→ **Data supplied**:

- - - - -

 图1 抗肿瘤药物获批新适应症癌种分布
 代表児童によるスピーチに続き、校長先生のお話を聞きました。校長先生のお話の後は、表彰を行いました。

- - - - -

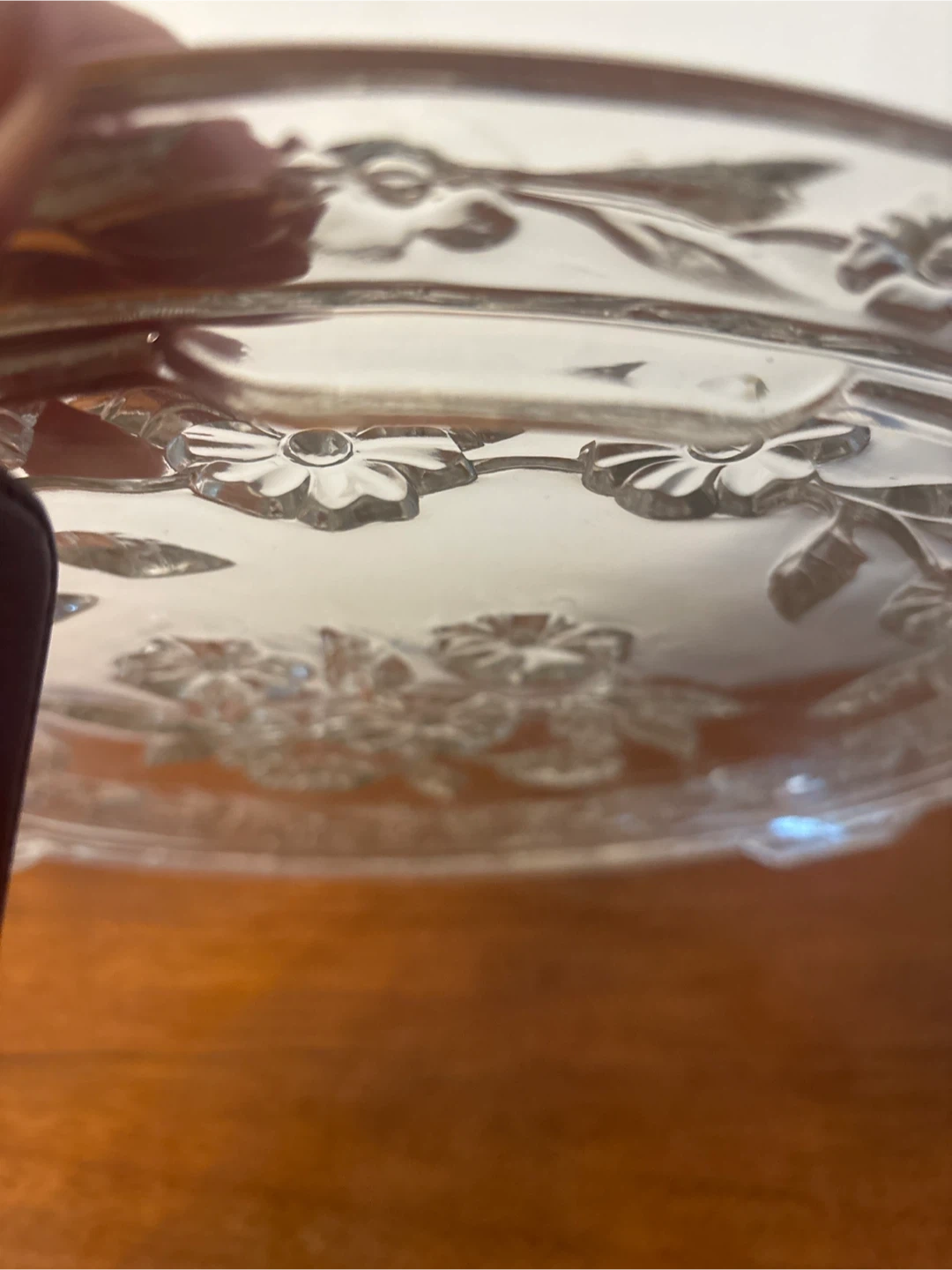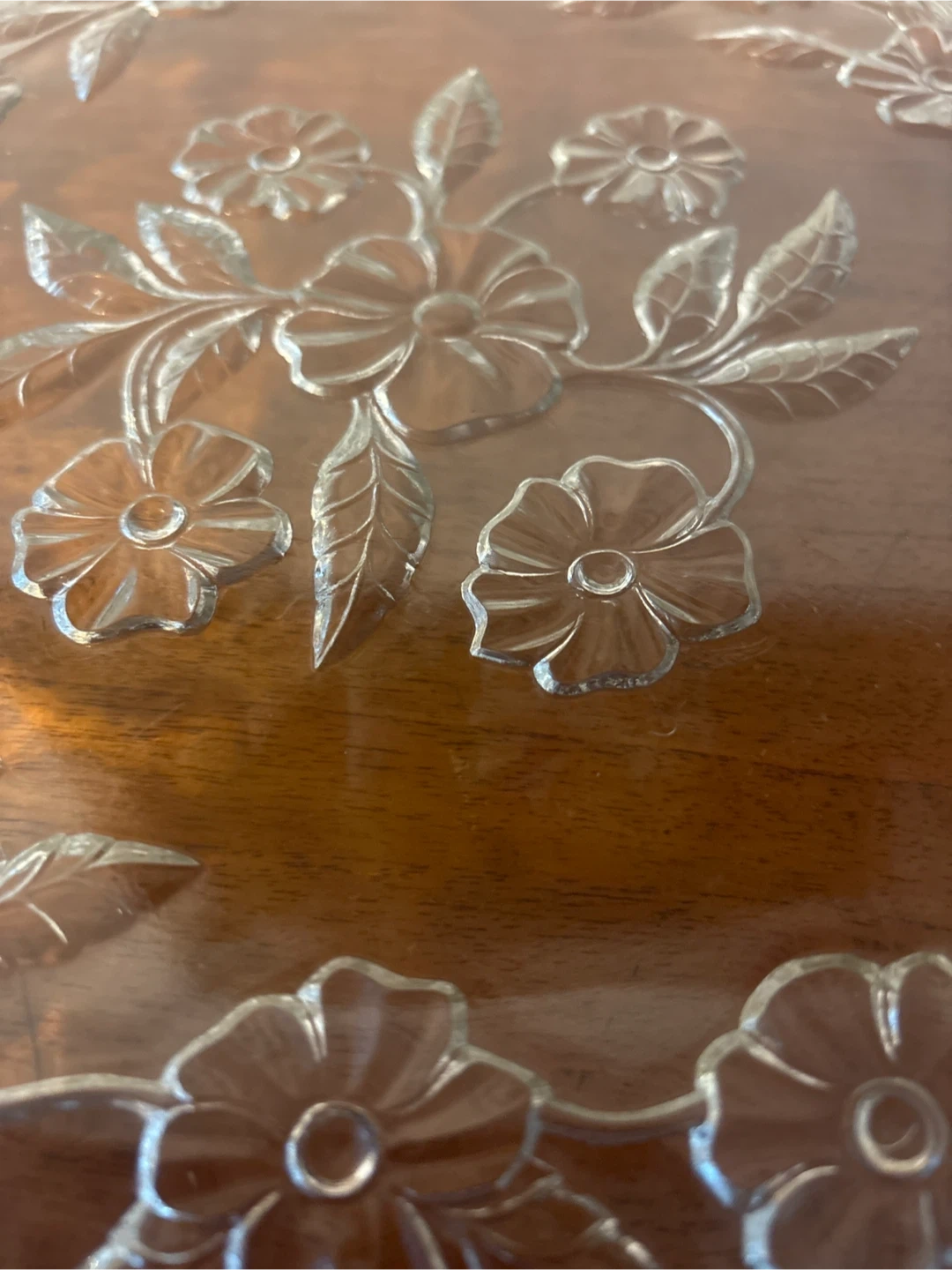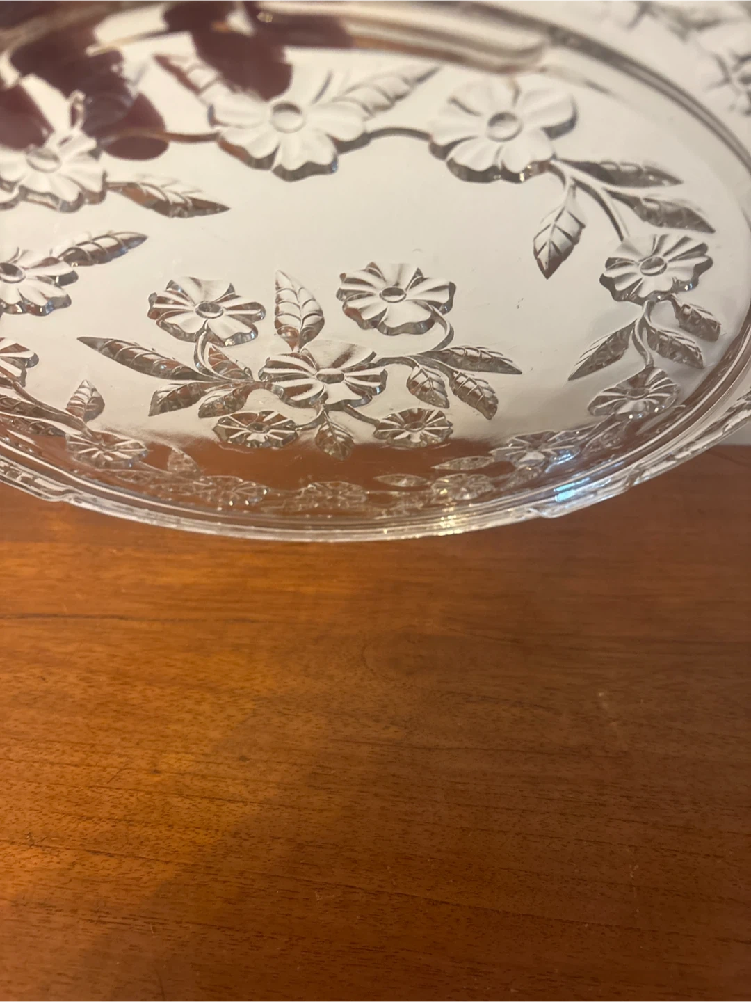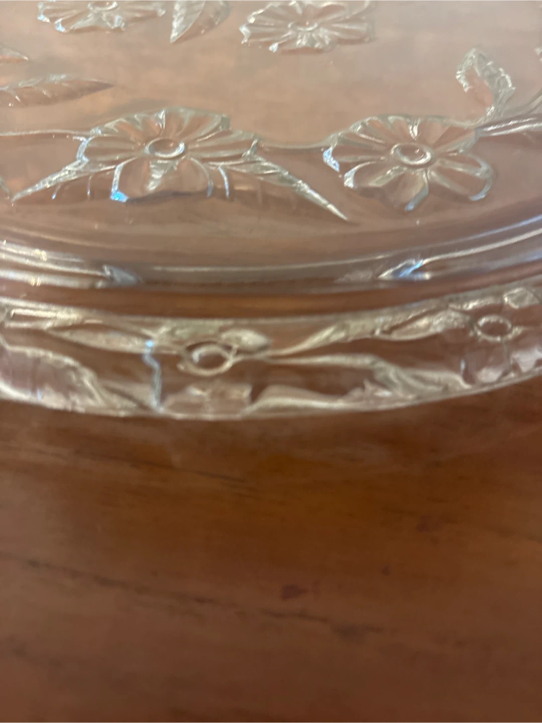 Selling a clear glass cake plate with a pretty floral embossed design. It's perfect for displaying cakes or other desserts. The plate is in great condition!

- - - - -

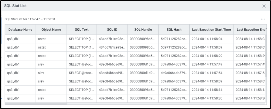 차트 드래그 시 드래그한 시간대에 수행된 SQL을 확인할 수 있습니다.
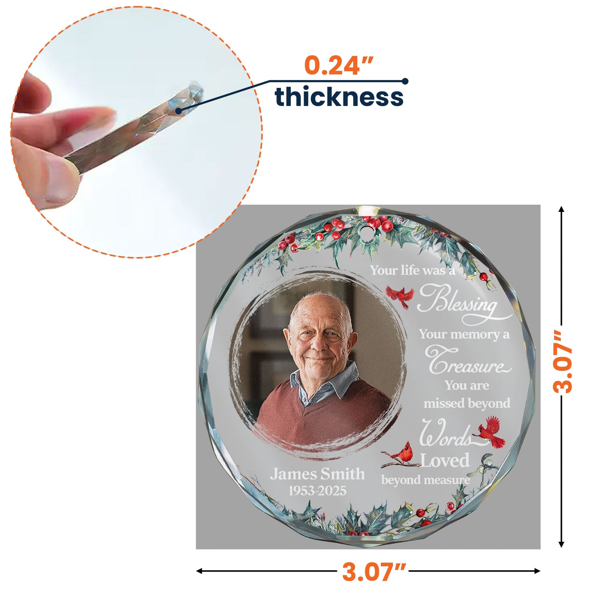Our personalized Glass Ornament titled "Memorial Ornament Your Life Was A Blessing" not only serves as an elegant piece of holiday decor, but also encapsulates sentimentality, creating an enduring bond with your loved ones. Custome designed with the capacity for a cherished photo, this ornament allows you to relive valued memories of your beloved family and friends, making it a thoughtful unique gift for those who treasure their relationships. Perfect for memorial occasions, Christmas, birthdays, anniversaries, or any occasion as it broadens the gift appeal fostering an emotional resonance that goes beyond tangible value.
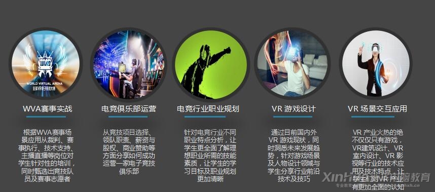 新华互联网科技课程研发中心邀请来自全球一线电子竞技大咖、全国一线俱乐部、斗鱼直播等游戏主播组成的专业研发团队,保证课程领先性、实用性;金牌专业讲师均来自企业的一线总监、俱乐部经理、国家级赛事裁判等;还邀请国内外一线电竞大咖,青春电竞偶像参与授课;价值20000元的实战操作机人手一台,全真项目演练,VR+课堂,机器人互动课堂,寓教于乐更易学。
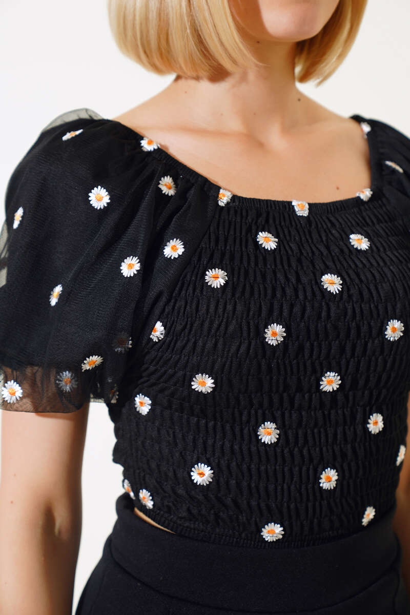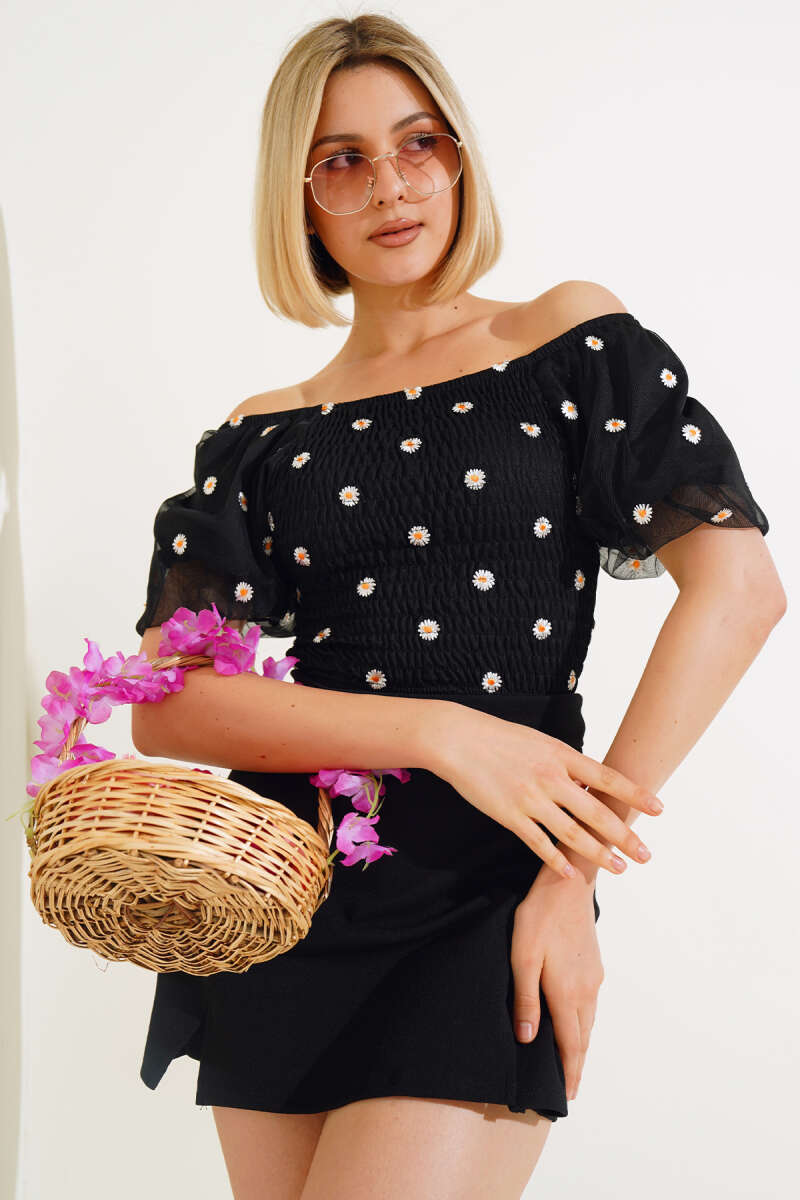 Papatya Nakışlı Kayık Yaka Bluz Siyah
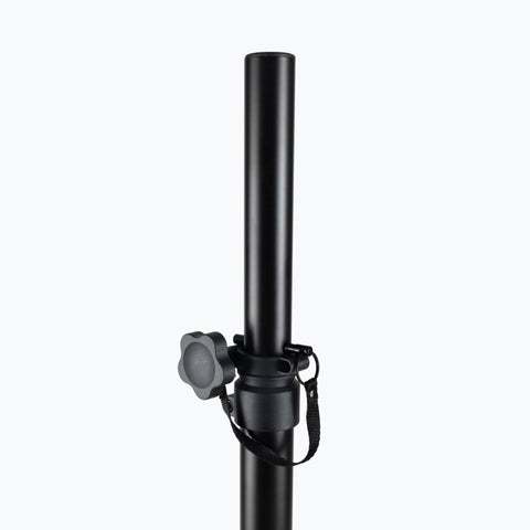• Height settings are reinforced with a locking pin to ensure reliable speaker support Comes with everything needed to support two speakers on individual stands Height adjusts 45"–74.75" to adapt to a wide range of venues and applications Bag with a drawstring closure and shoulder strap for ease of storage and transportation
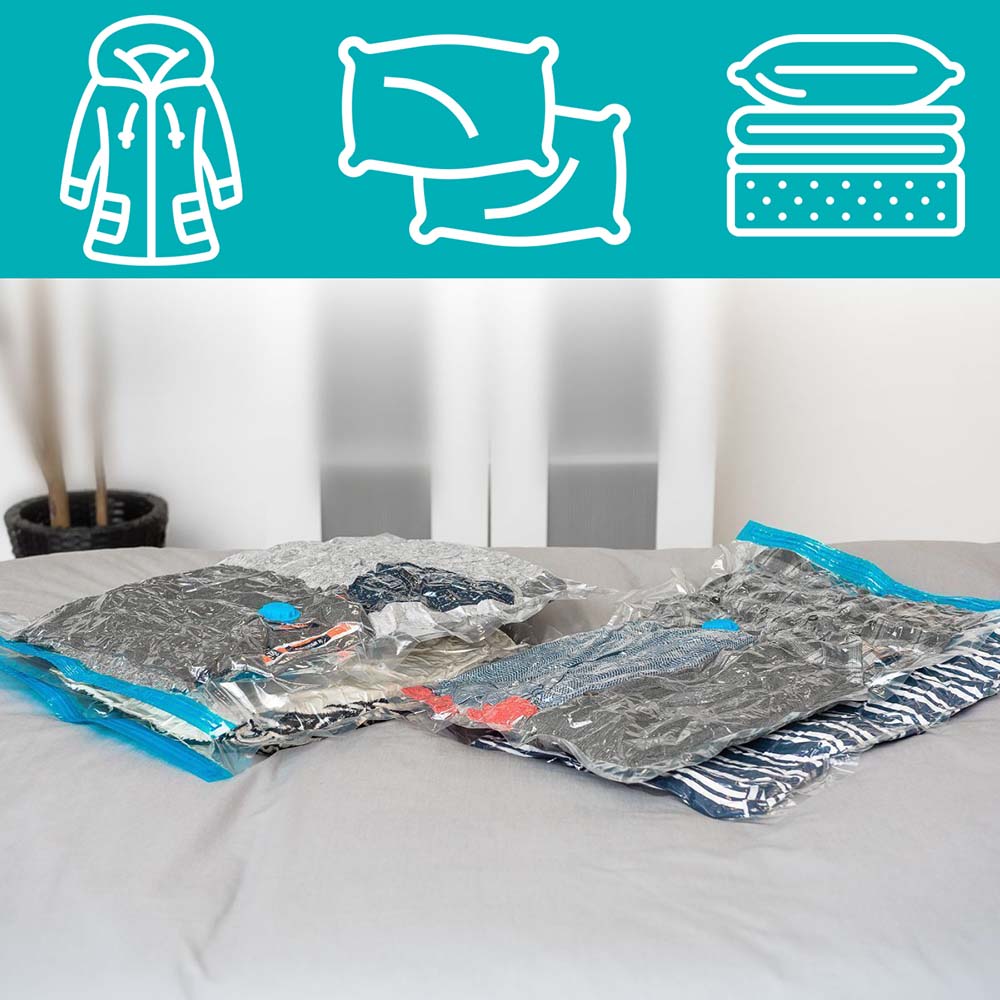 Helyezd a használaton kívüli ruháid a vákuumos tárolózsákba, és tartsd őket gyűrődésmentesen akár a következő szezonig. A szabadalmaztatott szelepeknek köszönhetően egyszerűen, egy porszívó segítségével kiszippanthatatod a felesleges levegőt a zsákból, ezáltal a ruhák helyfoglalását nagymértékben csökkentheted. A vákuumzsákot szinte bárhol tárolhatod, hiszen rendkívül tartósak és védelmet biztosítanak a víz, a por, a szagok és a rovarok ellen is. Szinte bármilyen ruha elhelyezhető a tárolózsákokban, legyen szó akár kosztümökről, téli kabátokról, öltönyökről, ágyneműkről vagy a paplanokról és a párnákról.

- - - - -

→ **What you should do**:
In the material above, the stretch from the line with "차트 드래그 시 드래그한 시간대에 수행된 SQL을 확인할 수 있습니다." through the line with "Helyezd a használaton" is to be given again exactly, minus the pictures.

→ **Expected output**:
 차트 드래그 시 드래그한 시간대에 수행된 SQL을 확인할 수 있습니다.
Our personalized Glass Ornament titled "Memorial Ornament Your Life Was A Blessing" not only serves as an elegant piece of holiday decor, but also encapsulates sentimentality, creating an enduring bond with your loved ones. Custome designed with the capacity for a cherished photo, this ornament allows you to relive valued memories of your beloved family and friends, making it a thoughtful unique gift for those who treasure their relationships. Perfect for memorial occasions, Christmas, birthdays, anniversaries, or any occasion as it broadens the gift appeal fostering an emotional resonance that goes beyond tangible value.
 新华互联网科技课程研发中心邀请来自全球一线电子竞技大咖、全国一线俱乐部、斗鱼直播等游戏主播组成的专业研发团队,保证课程领先性、实用性;金牌专业讲师均来自企业的一线总监、俱乐部经理、国家级赛事裁判等;还邀请国内外一线电竞大咖,青春电竞偶像参与授课;价值20000元的实战操作机人手一台,全真项目演练,VR+课堂,机器人互动课堂,寓教于乐更易学。
 Papatya Nakışlı Kayık Yaka Bluz Siyah
• Height settings are reinforced with a locking pin to ensure reliable speaker support Comes with everything needed to support two speakers on individual stands Height adjusts 45"–74.75" to adapt to a wide range of venues and applications Bag with a drawstring closure and shoulder strap for ease of storage and transportation
 Helyezd a használaton kívüli ruháid a vákuumos tárolózsákba, és tartsd őket gyűrődésmentesen akár a következő szezonig. A szabadalmaztatott szelepeknek köszönhetően egyszerűen, egy porszívó segítségével kiszippanthatatod a felesleges levegőt a zsákból, ezáltal a ruhák helyfoglalását nagymértékben csökkentheted. A vákuumzsákot szinte bárhol tárolhatod, hiszen rendkívül tartósak és védelmet biztosítanak a víz, a por, a szagok és a rovarok ellen is. Szinte bármilyen ruha elhelyezhető a tárolózsákokban, legyen szó akár kosztümökről, téli kabátokról, öltönyökről, ágyneműkről vagy a paplanokról és a párnákról.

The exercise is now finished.